Stored dataset items
•••

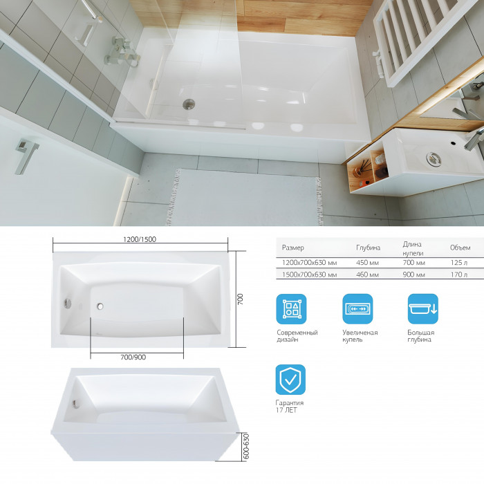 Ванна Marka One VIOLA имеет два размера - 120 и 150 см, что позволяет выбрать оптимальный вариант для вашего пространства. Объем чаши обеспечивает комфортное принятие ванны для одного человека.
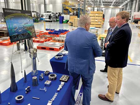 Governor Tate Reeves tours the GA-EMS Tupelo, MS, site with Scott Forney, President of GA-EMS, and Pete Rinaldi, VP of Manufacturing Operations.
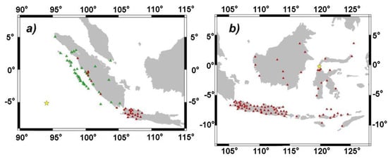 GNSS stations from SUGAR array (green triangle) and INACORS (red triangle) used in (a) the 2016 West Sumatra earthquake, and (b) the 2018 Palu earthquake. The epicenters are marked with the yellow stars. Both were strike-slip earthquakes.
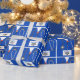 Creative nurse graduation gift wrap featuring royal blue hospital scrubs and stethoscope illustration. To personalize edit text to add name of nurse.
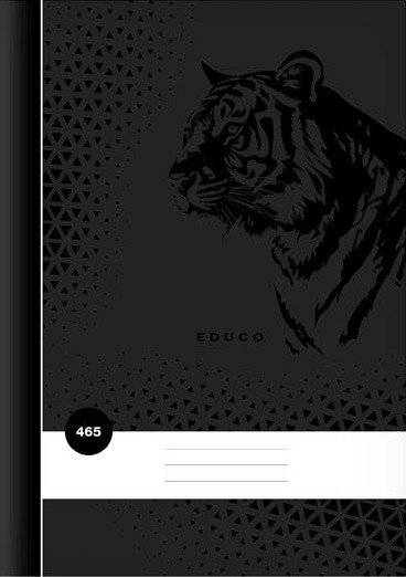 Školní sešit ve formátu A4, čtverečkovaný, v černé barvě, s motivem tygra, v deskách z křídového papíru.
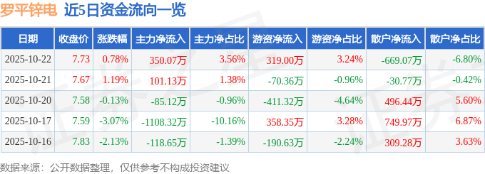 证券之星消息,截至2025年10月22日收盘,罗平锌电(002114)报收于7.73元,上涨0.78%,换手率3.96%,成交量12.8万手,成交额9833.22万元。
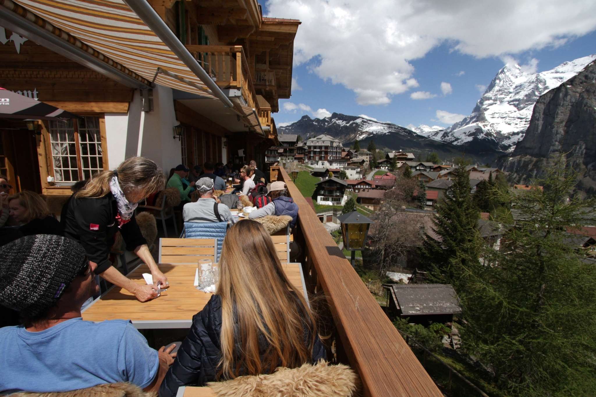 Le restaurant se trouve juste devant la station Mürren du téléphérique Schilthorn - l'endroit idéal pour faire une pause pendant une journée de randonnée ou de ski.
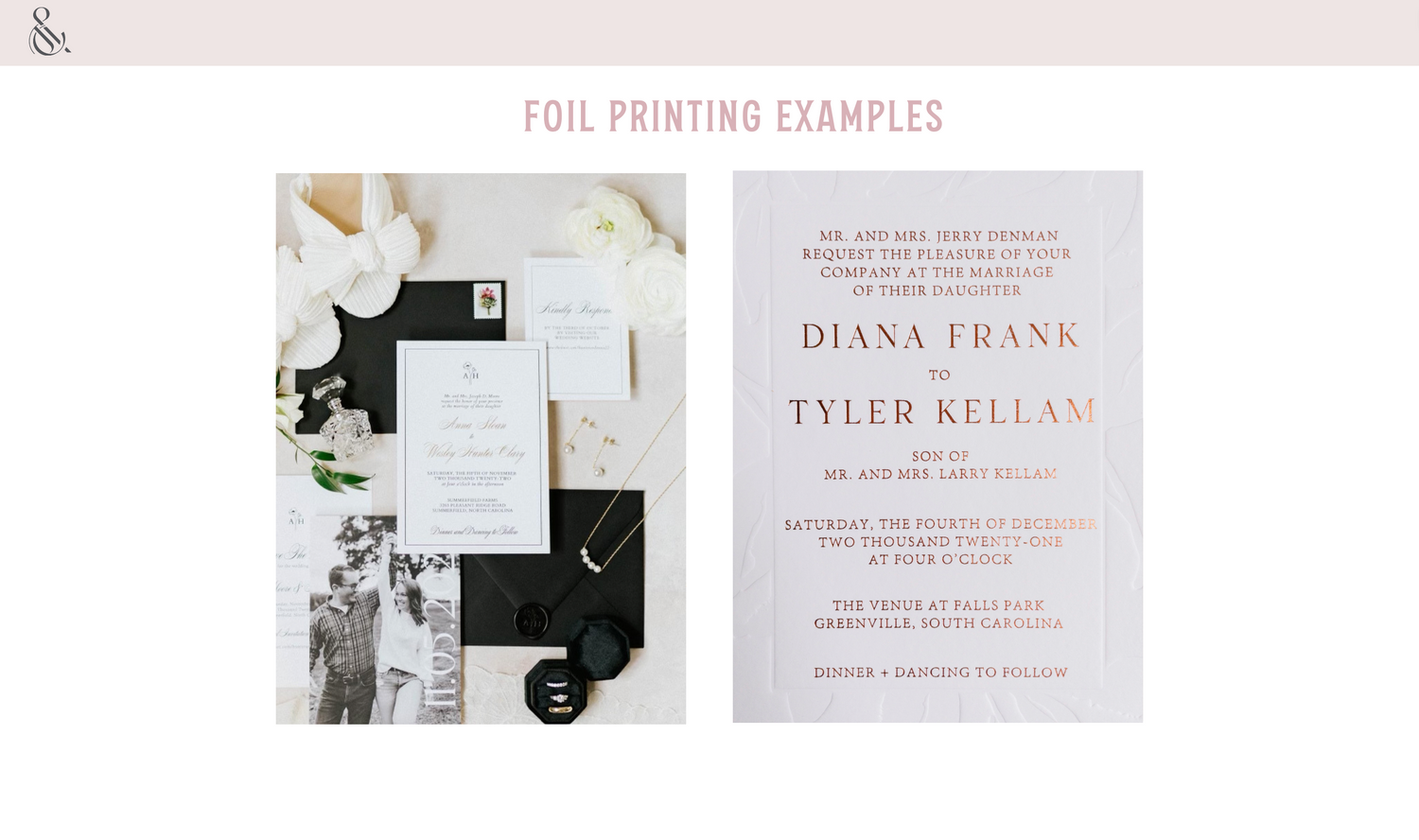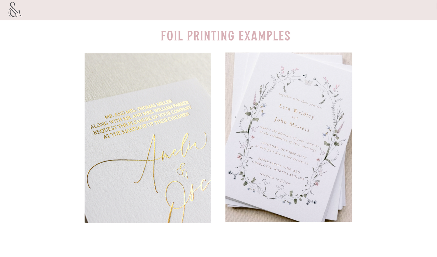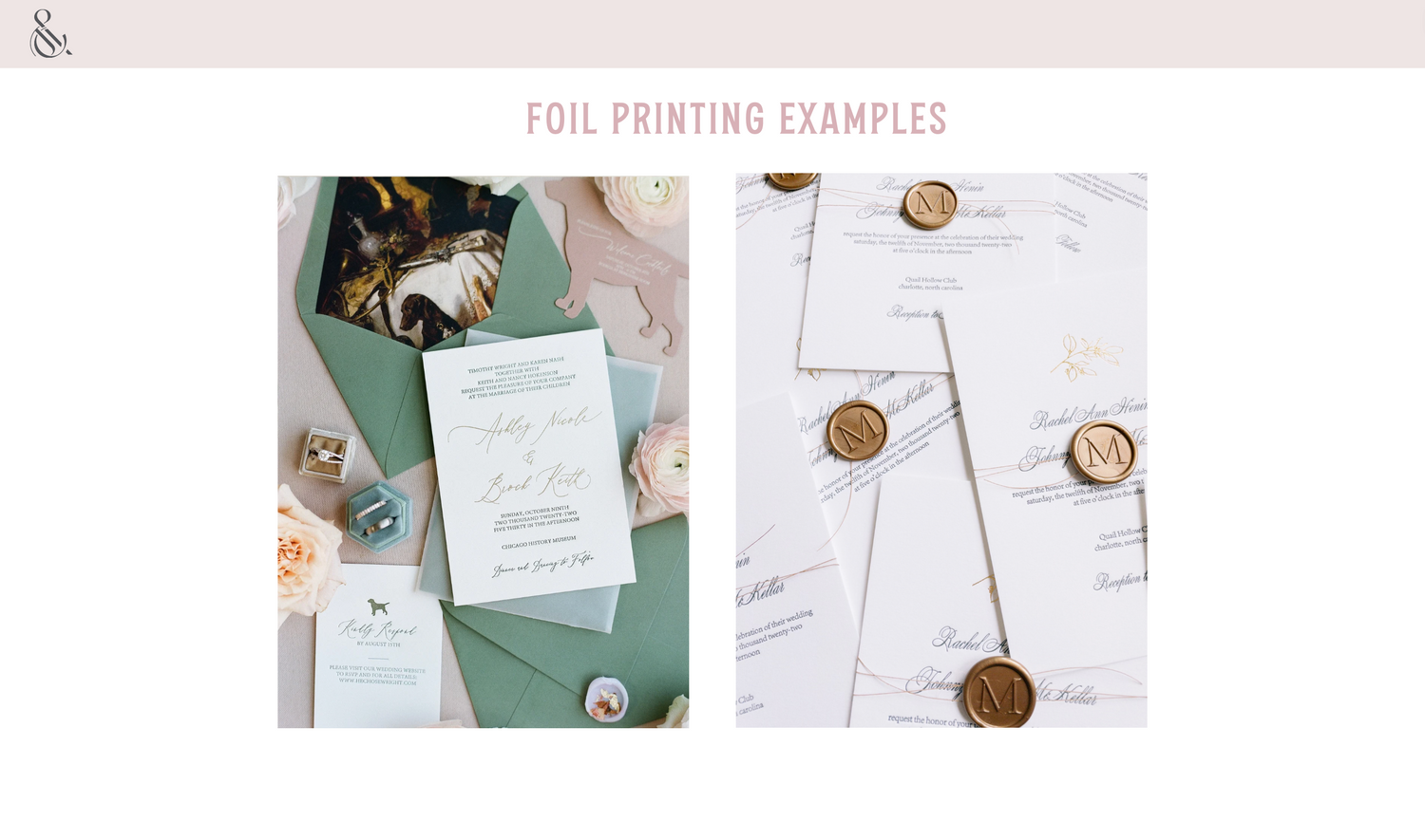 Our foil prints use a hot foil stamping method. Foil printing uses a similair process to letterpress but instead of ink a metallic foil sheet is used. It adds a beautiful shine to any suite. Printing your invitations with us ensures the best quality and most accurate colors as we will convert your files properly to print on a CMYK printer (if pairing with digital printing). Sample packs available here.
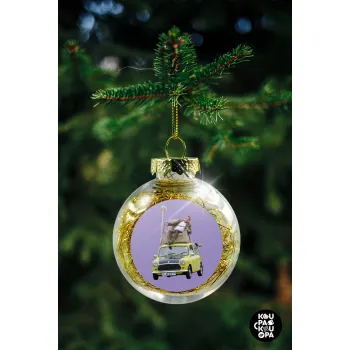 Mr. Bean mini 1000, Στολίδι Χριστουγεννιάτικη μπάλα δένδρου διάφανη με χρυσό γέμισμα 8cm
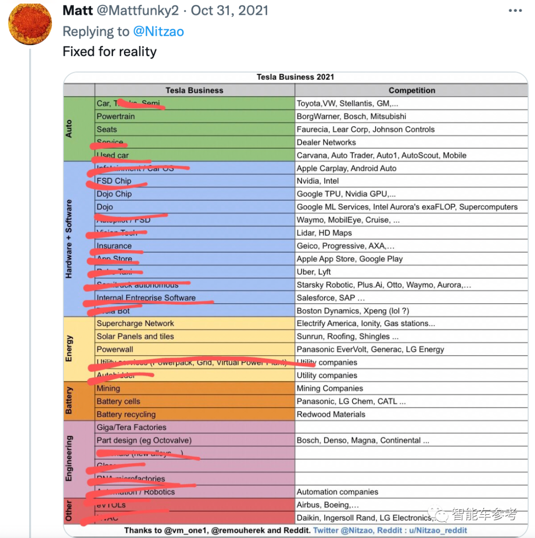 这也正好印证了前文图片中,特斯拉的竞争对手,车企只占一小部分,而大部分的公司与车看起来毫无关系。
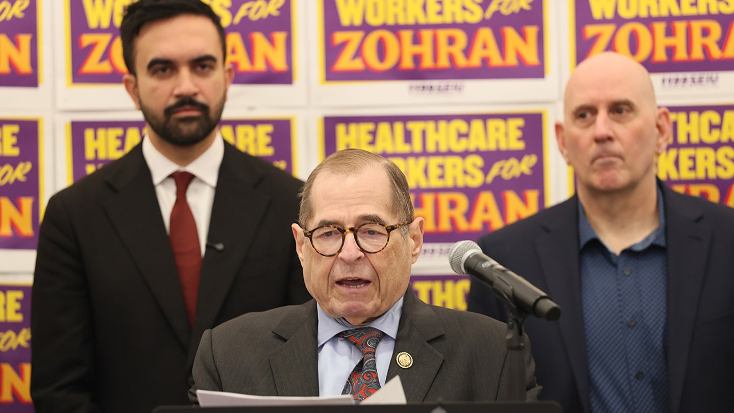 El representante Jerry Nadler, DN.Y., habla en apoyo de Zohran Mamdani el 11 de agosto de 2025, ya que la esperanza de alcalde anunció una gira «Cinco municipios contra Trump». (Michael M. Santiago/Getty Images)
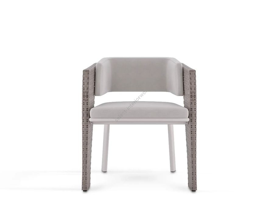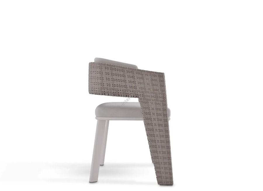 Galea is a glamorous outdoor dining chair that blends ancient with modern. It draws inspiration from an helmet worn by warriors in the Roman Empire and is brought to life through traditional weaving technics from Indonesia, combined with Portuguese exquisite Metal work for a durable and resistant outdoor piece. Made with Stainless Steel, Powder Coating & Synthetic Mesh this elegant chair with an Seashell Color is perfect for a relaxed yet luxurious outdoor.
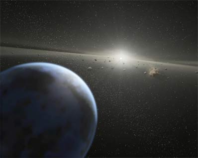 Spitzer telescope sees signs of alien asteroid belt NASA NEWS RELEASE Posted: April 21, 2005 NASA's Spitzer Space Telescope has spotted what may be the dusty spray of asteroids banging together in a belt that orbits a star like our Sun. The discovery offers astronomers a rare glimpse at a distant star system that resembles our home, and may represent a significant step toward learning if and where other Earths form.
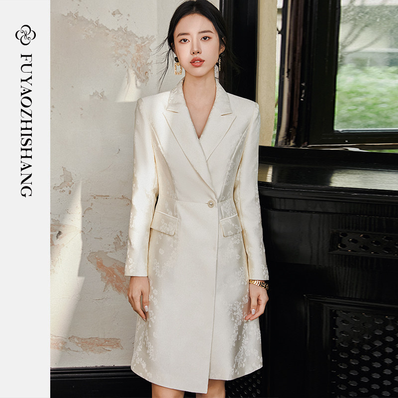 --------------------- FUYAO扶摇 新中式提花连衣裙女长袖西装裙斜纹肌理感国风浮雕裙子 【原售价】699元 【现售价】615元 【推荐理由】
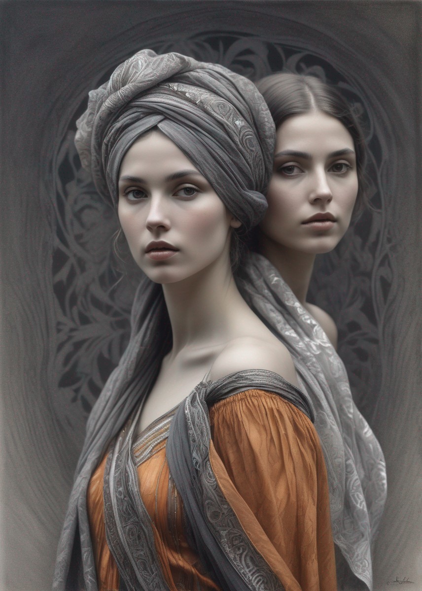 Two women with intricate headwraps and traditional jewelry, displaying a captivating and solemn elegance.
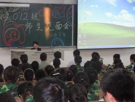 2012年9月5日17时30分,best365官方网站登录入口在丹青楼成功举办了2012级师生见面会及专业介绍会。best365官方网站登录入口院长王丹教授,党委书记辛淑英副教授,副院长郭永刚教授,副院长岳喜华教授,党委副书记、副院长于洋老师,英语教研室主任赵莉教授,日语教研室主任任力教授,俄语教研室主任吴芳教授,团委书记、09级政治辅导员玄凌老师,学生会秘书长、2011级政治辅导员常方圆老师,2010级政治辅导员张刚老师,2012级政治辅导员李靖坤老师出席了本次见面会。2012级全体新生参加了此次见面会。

•••

### AIM OF THE EXERCISE
Each entry is to be written out again word for word, and any pictures are to be omitted.

### RESULT OF THIS TASK
 Ванна Marka One VIOLA имеет два размера - 120 и 150 см, что позволяет выбрать оптимальный вариант для вашего пространства. Объем чаши обеспечивает комфортное принятие ванны для одного человека.
 Governor Tate Reeves tours the GA-EMS Tupelo, MS, site with Scott Forney, President of GA-EMS, and Pete Rinaldi, VP of Manufacturing Operations.
 GNSS stations from SUGAR array (green triangle) and INACORS (red triangle) used in (a) the 2016 West Sumatra earthquake, and (b) the 2018 Palu earthquake. The epicenters are marked with the yellow stars. Both were strike-slip earthquakes.
 Creative nurse graduation gift wrap featuring royal blue hospital scrubs and stethoscope illustration. To personalize edit text to add name of nurse.
 Školní sešit ve formátu A4, čtverečkovaný, v černé barvě, s motivem tygra, v deskách z křídového papíru.
 证券之星消息,截至2025年10月22日收盘,罗平锌电(002114)报收于7.73元,上涨0.78%,换手率3.96%,成交量12.8万手,成交额9833.22万元。
 Le restaurant se trouve juste devant la station Mürren du téléphérique Schilthorn - l'endroit idéal pour faire une pause pendant une journée de randonnée ou de ski.
 Our foil prints use a hot foil stamping method. Foil printing uses a similair process to letterpress but instead of ink a metallic foil sheet is used. It adds a beautiful shine to any suite. Printing your invitations with us ensures the best quality and most accurate colors as we will convert your files properly to print on a CMYK printer (if pairing with digital printing). Sample packs available here.
 Mr. Bean mini 1000, Στολίδι Χριστουγεννιάτικη μπάλα δένδρου διάφανη με χρυσό γέμισμα 8cm
 这也正好印证了前文图片中,特斯拉的竞争对手,车企只占一小部分,而大部分的公司与车看起来毫无关系。
 El representante Jerry Nadler, DN.Y., habla en apoyo de Zohran Mamdani el 11 de agosto de 2025, ya que la esperanza de alcalde anunció una gira «Cinco municipios contra Trump». (Michael M. Santiago/Getty Images)
 Galea is a glamorous outdoor dining chair that blends ancient with modern. It draws inspiration from an helmet worn by warriors in the Roman Empire and is brought to life through traditional weaving technics from Indonesia, combined with Portuguese exquisite Metal work for a durable and resistant outdoor piece. Made with Stainless Steel, Powder Coating & Synthetic Mesh this elegant chair with an Seashell Color is perfect for a relaxed yet luxurious outdoor.
 Spitzer telescope sees signs of alien asteroid belt NASA NEWS RELEASE Posted: April 21, 2005 NASA's Spitzer Space Telescope has spotted what may be the dusty spray of asteroids banging together in a belt that orbits a star like our Sun. The discovery offers astronomers a rare glimpse at a distant star system that resembles our home, and may represent a significant step toward learning if and where other Earths form.
 --------------------- FUYAO扶摇 新中式提花连衣裙女长袖西装裙斜纹肌理感国风浮雕裙子 【原售价】699元 【现售价】615元 【推荐理由】
 Two women with intricate headwraps and traditional jewelry, displaying a captivating and solemn elegance.
 2012年9月5日17时30分,best365官方网站登录入口在丹青楼成功举办了2012级师生见面会及专业介绍会。best365官方网站登录入口院长王丹教授,党委书记辛淑英副教授,副院长郭永刚教授,副院长岳喜华教授,党委副书记、副院长于洋老师,英语教研室主任赵莉教授,日语教研室主任任力教授,俄语教研室主任吴芳教授,团委书记、09级政治辅导员玄凌老师,学生会秘书长、2011级政治辅导员常方圆老师,2010级政治辅导员张刚老师,2012级政治辅导员李靖坤老师出席了本次见面会。2012级全体新生参加了此次见面会。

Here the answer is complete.